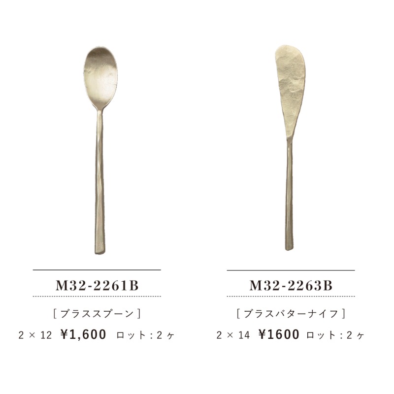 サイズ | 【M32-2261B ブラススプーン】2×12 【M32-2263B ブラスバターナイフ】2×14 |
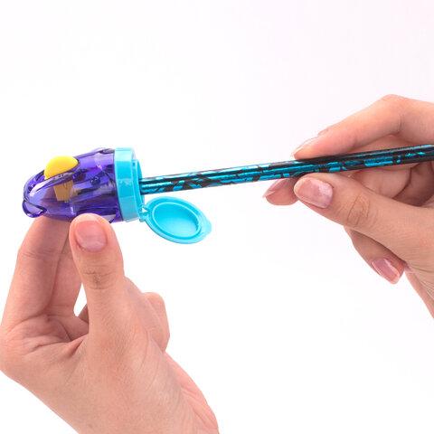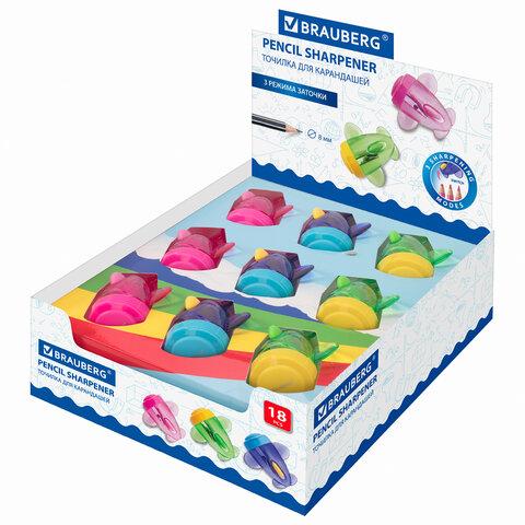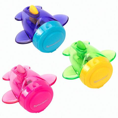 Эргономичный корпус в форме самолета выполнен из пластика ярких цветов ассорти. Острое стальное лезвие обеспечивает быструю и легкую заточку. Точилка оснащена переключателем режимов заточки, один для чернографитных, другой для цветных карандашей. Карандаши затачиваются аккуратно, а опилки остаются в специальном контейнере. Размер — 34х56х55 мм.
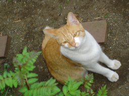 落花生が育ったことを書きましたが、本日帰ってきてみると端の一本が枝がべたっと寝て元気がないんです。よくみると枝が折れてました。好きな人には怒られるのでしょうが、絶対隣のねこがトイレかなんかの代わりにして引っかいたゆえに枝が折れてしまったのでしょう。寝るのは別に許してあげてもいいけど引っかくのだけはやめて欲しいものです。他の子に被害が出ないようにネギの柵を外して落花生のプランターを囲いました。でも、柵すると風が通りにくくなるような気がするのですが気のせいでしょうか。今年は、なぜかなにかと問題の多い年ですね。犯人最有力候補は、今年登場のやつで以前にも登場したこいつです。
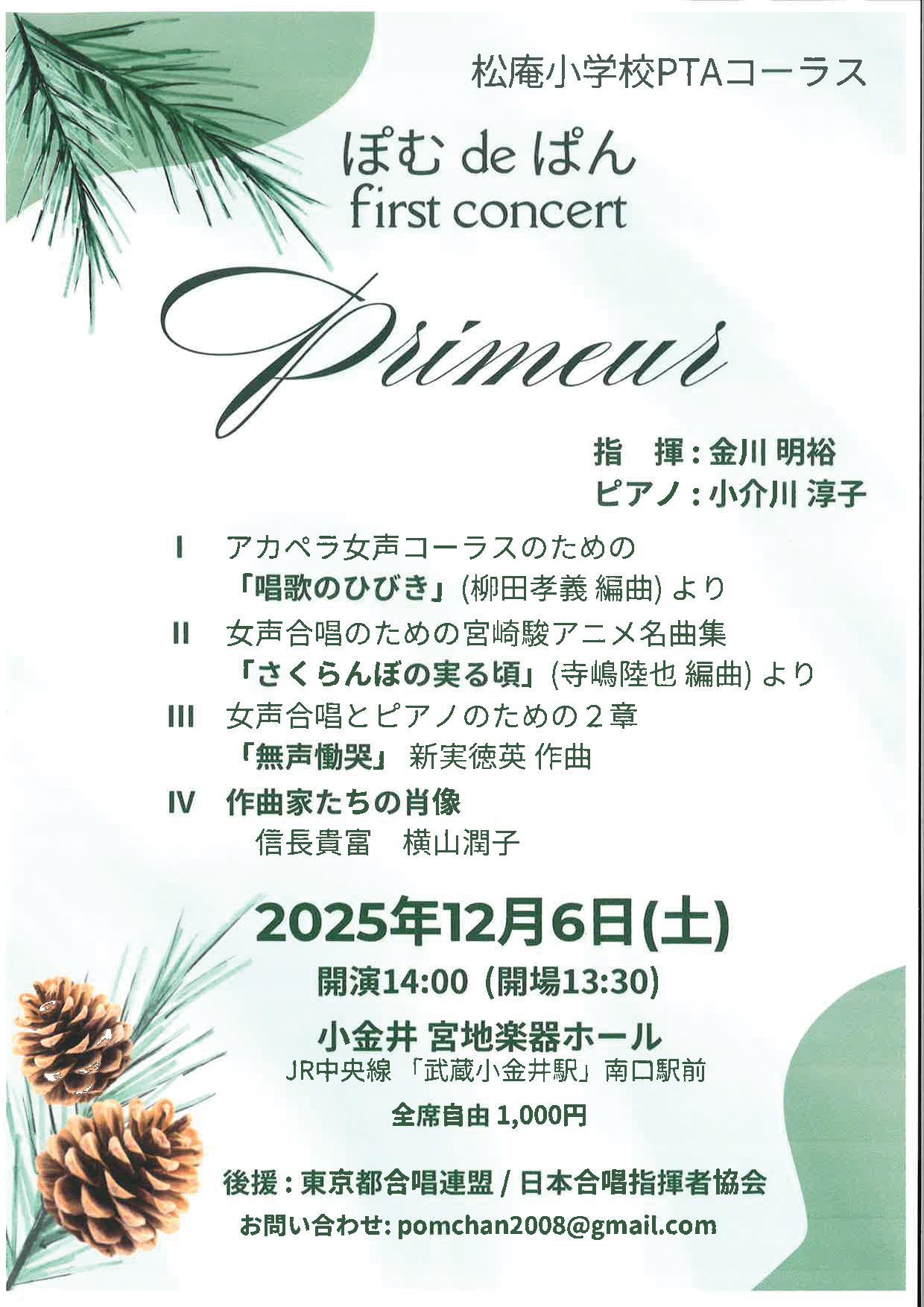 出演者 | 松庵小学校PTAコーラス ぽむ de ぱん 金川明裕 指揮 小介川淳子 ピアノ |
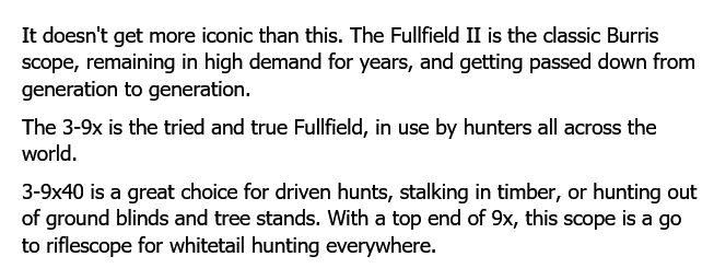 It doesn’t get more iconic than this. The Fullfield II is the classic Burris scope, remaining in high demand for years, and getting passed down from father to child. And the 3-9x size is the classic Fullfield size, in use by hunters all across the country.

....................

▸ **Task item**
Print the entries above exactly, taking out only the pictures.

▸ **Reply to the task**
 サイズ | 【M32-2261B ブラススプーン】2×12 【M32-2263B ブラスバターナイフ】2×14 |
 Эргономичный корпус в форме самолета выполнен из пластика ярких цветов ассорти. Острое стальное лезвие обеспечивает быструю и легкую заточку. Точилка оснащена переключателем режимов заточки, один для чернографитных, другой для цветных карандашей. Карандаши затачиваются аккуратно, а опилки остаются в специальном контейнере. Размер — 34х56х55 мм.
 落花生が育ったことを書きましたが、本日帰ってきてみると端の一本が枝がべたっと寝て元気がないんです。よくみると枝が折れてました。好きな人には怒られるのでしょうが、絶対隣のねこがトイレかなんかの代わりにして引っかいたゆえに枝が折れてしまったのでしょう。寝るのは別に許してあげてもいいけど引っかくのだけはやめて欲しいものです。他の子に被害が出ないようにネギの柵を外して落花生のプランターを囲いました。でも、柵すると風が通りにくくなるような気がするのですが気のせいでしょうか。今年は、なぜかなにかと問題の多い年ですね。犯人最有力候補は、今年登場のやつで以前にも登場したこいつです。
 出演者 | 松庵小学校PTAコーラス ぽむ de ぱん 金川明裕 指揮 小介川淳子 ピアノ |
 It doesn’t get more iconic than this. The Fullfield II is the classic Burris scope, remaining in high demand for years, and getting passed down from father to child. And the 3-9x size is the classic Fullfield size, in use by hunters all across the country.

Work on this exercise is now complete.